Facebook stops project for undersea data cable to Hong Kong

undersea data cable

Facebook has decided to halt its efforts to build a trans-Pacific undersea data cable that would have connected California and Hong Kong, based on tensions between the United States and China.

“Due to ongoing concerns from the US government about direct communication links between the United States and Hong Kong, we have decided to withdraw our FCC application,” a Facebook spokesman said, referring to the Federal Communications Commission.

“We look forward to working with all the parties to reconfigure the system to meet the concerns of the US government,” the spokesman added.

Facilitate Communications

The project was supposed to facilitate communications through fiber optics capable of carrying large volumes of data with very low waiting times.

The undersea data cable, named the Pacific Light Cable Network, was originally intended to link the United States, Taiwan, Hong Kong and the Philippines.

In June, the US Department of Justice recommended that a trans-Pacific undersea cable proposed by Google and Facebook bypass Hong Kong.

The Hong Kong landing station “would expose US communications traffic to collection” by Beijing, the department said.

The social networking giant and several telecom companies filed their first construction permit in 2018, to connect two sites in California to Hong Kong and Taiwan.

The Federal Communications Commission (FCC) gave Google permission in April 2020 to operate the link between North America and Taiwan.

Nevertheless, Washington resisted the project because of perceived potential national security risks regarding China, which has tightened its control over Hong Kong.

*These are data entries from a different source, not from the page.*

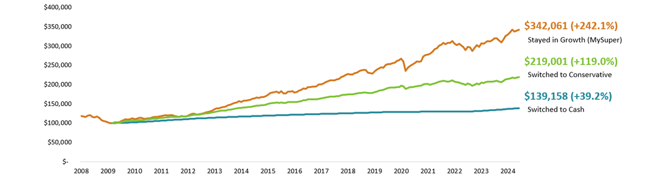 Calculations are based on historical crediting rates from 30 June 2008 to 30 June 2024, switching on 31 March 2009 with a super account balance of $100,000. The Cash return reflects the historical crediting rates of the Cash investment option from 1 April 2009. Prior to this date, the historical performance of the Capital Guaranteed Option has been used for illustration purposes. Past performance is not a reliable indicator of future performance.
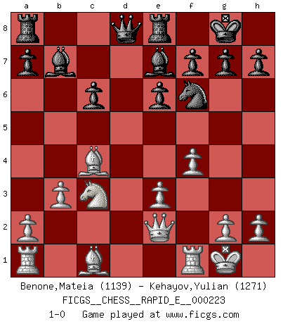 Last move : 1-0 2019 March 4 10:13:58 [Event "FICGS__CHESS__RAPID_E__000223"] [Site "FICGS"] [Date "2019.01.14"] [Round "1"] [White "Benone,Mateia"] [Black "Kehayov,Yulian"] [Result "1-0"] [WhiteElo "1139"] [BlackElo "1271"] 1.f4 d5 2.Nf3 Nf6 3.e3 e6 4.d4 Be7 5.Bd3 O-O 6.O-O c5 7.c4 cxd4 8.Nxd4 Nc6 9.Nxc6 bxc6 10.Nc3 Bb7 11.Qe2 dxc4 12.Bxc4 Re8 13.b3 1-0 This chess game has been lost on time (started : 2019.01.14 23:33:57) Bird's Opening Kingside Castling by player Black (move 5) Kingside Castling by player White (move 6) Player White won this chess game. Follow this game move after move (download)A strong memory, concentration, imagination, and a strong will is required to become a great Chess player. (Bobby Fischer) Den Ruhm habe ich schon, jetzt brauche ich noch das Geld. (Wilhelm Steinitz) Fischer era un maestro de claridad y un Rey del posicionamiento astuto. Sus oponentes podían ver hacia donde se dirigía pero eran impotentes para detenerlo. (Bruce Pandolfini) Le thème de l'attaque double intervient d'une manière ou d'une autre dans l'immense majorité des combinaisons. (Youri Averbakh) An expert is a man who has made all the mistakes which can be made in a very narrow field. (Niels Bohr)
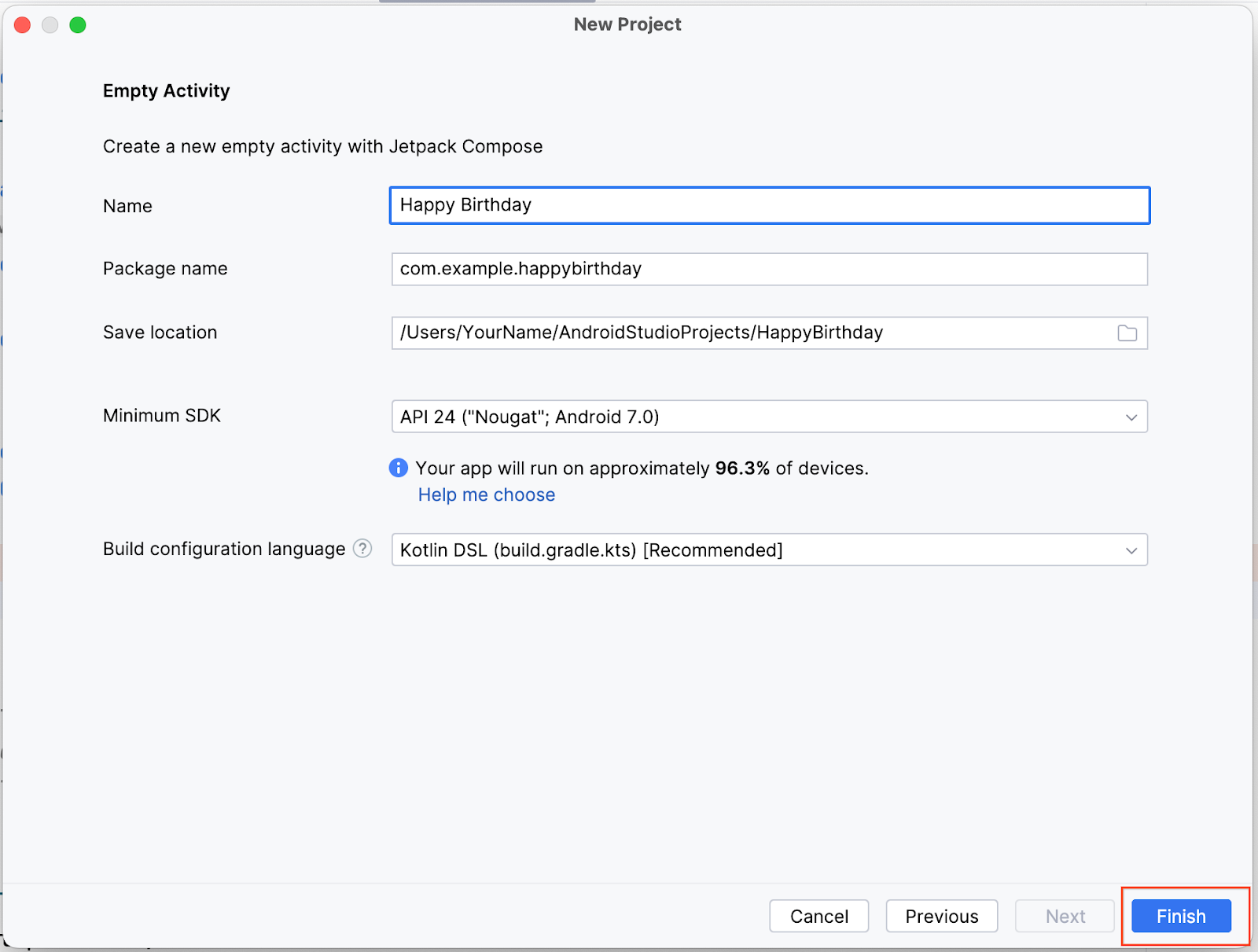 Happy Birthdayand then select a minimum API level of 24 (Nougat) in the Minimum SDK field and click Finish.
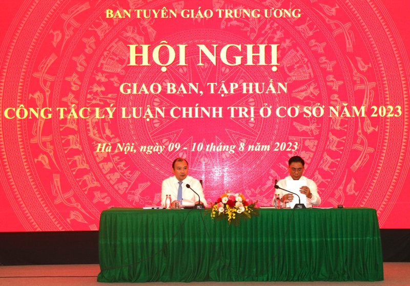 Chiều 9/8, Ban Tuyên giáo Trung ương tổ chức Hội nghị giao ban, tập huấn công tác giáo dục lý luận chính trị ở cơ sở năm 2023 bằng hình thức trực tiếp tại TP Hà Nội (điểm cầu Trung ương), kết hợp trực tuyến đến 9 điểm cầu tỉnh ủy, thành ủy (Hải Phòng, Thái Nguyên, Tuyên Quang, Sơn La, Hà Tĩnh, Đắk Lắk, Bình Định, Cần Thơ, Bình Dương).
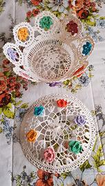 Centrotavola lavorato ad uncinetto con coperchio il tutto inamidato. Solo consegna a mano con formula visto e piaciuto.
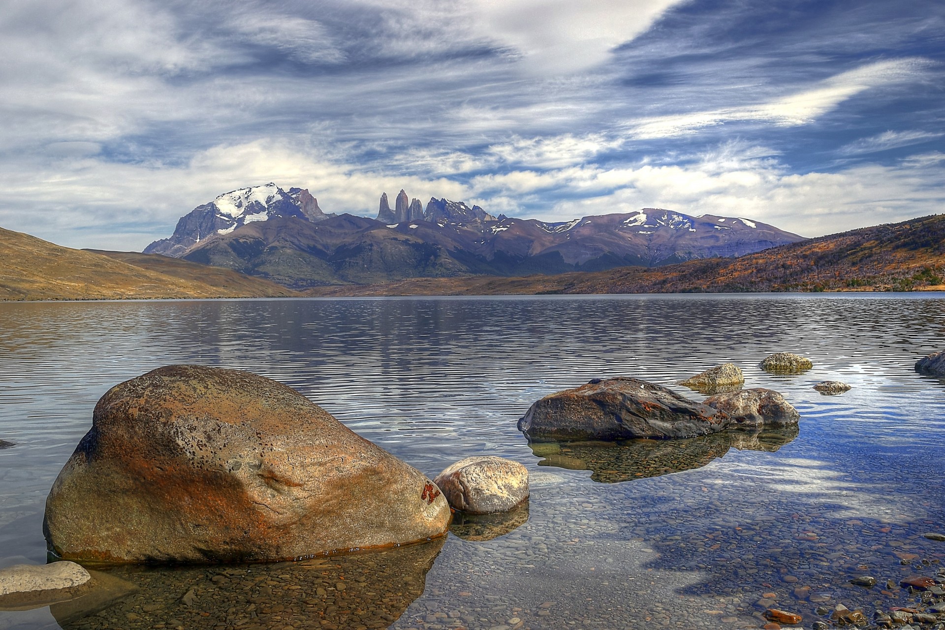 Kamienie w wodzie a w górach śnieg - tapety na pulpit
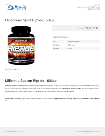 New-Fit Kościuszki 2, 36-200 Brzozów +48 889 334 038 Millennium Sport Riptide - 60kap Cena: 79,00 PLN Opis słownikowy Cel Dla kobiet, Rzeźba Producent Millennium Wysyłka Od 5 zł Opis produktu Millenniu Sportm Riptide - 60kap Millennium Sport Riptide jest kompleksową formułą która pomoże w pozbyciu sie nadmiaru wody z organizmu. Produkt Przeznaczony jest dla osób które potrzebują pozbycia się wody podskórnej w szybki sposób. Millennium Sport Riptide jest połączeniem osmiu wyselekcjonowanych ekstraktów ziół oraz mikroelementów które pomogą uwydatnić twoje mięśnie. Stosowanie:1 kapsułke popić 240ml wody, stosować 3 razy dziennie. Supplement Facts Serving Size 1 capsule Servings Per Container 60 Plik wygenerowano: 08-03-2017 Powered by TCPDF (www.tcpdf.org) Oprogramowanie sklepu: AptusShop
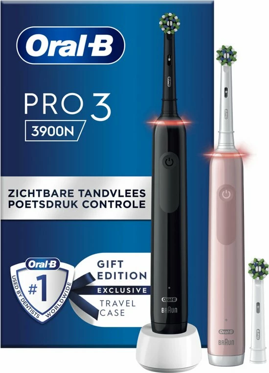 De Oral-B Pro 3 heeft een ronde opzetborstel die elke tand omsluit voor schonere tanden en gezonder tandvlees; hij verwijdert tot 100% meer tandplak dan een handtandenborstel.
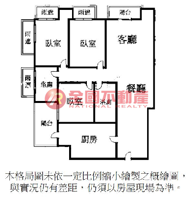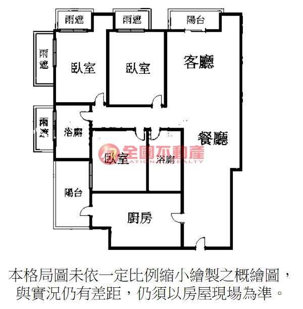 ※本格局圖係未依實際比例繪製之概繪圖。其比例、座向、格局、形狀等,仍須以房屋現場為準。
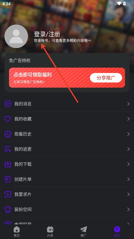 3、于个人主页处,用户点击登录注册便可。
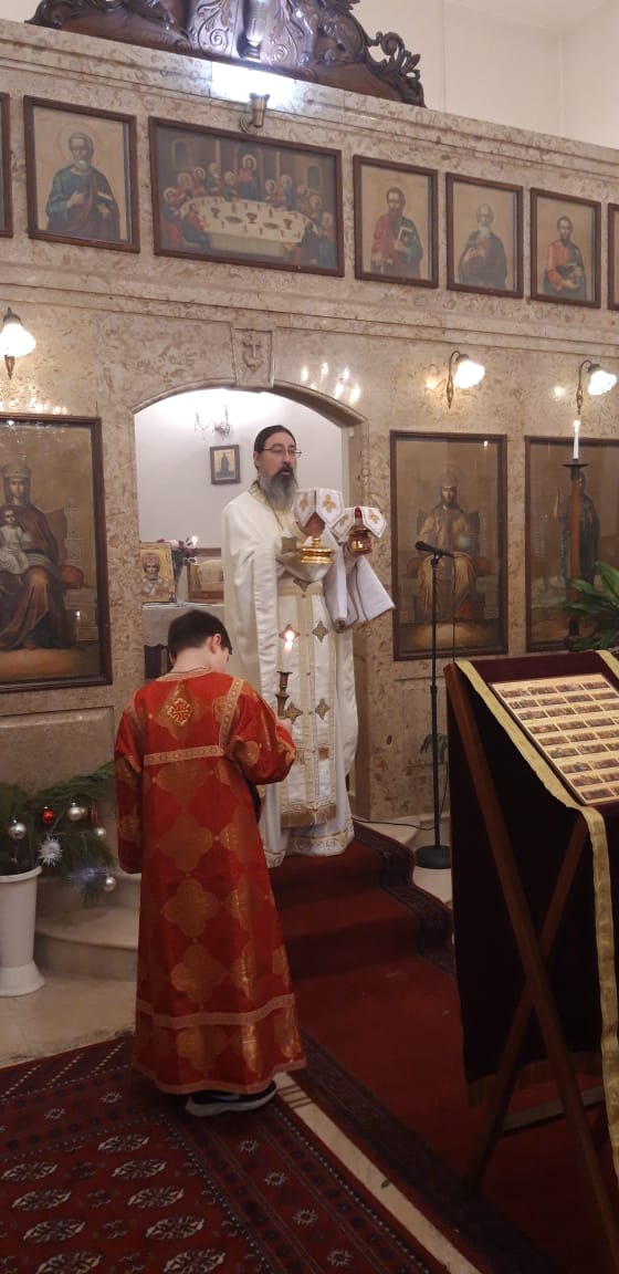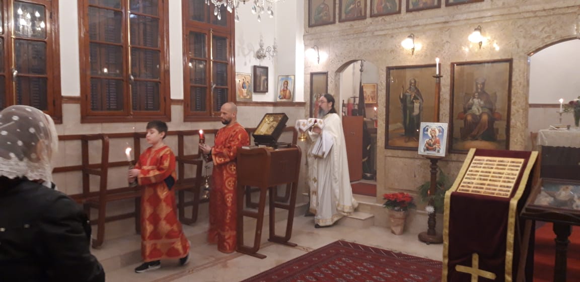 После отпуста Божественной литургии настоятель объявил расписание богослужений на ближайшую седмицу и паломническую поездку в Дамаск на Великий двунадесятых праздник Сретения Господня 15 февраля.

Halt in Processing Requests

In June 2020, most of the world’s major Internet and social media platforms have stopped processing requests for user data made by Hong Kong law enforcement authorities while they carry out an assessment of a controversial security law imposed by China on the city.

Facebook and its messaging service WhatsApp said in statements that they would “pause” the review of information requests from the Hong Kong government “pending further assessment of the impact of the National Security Law, including formal human rights due diligence and consultations with human rights experts.”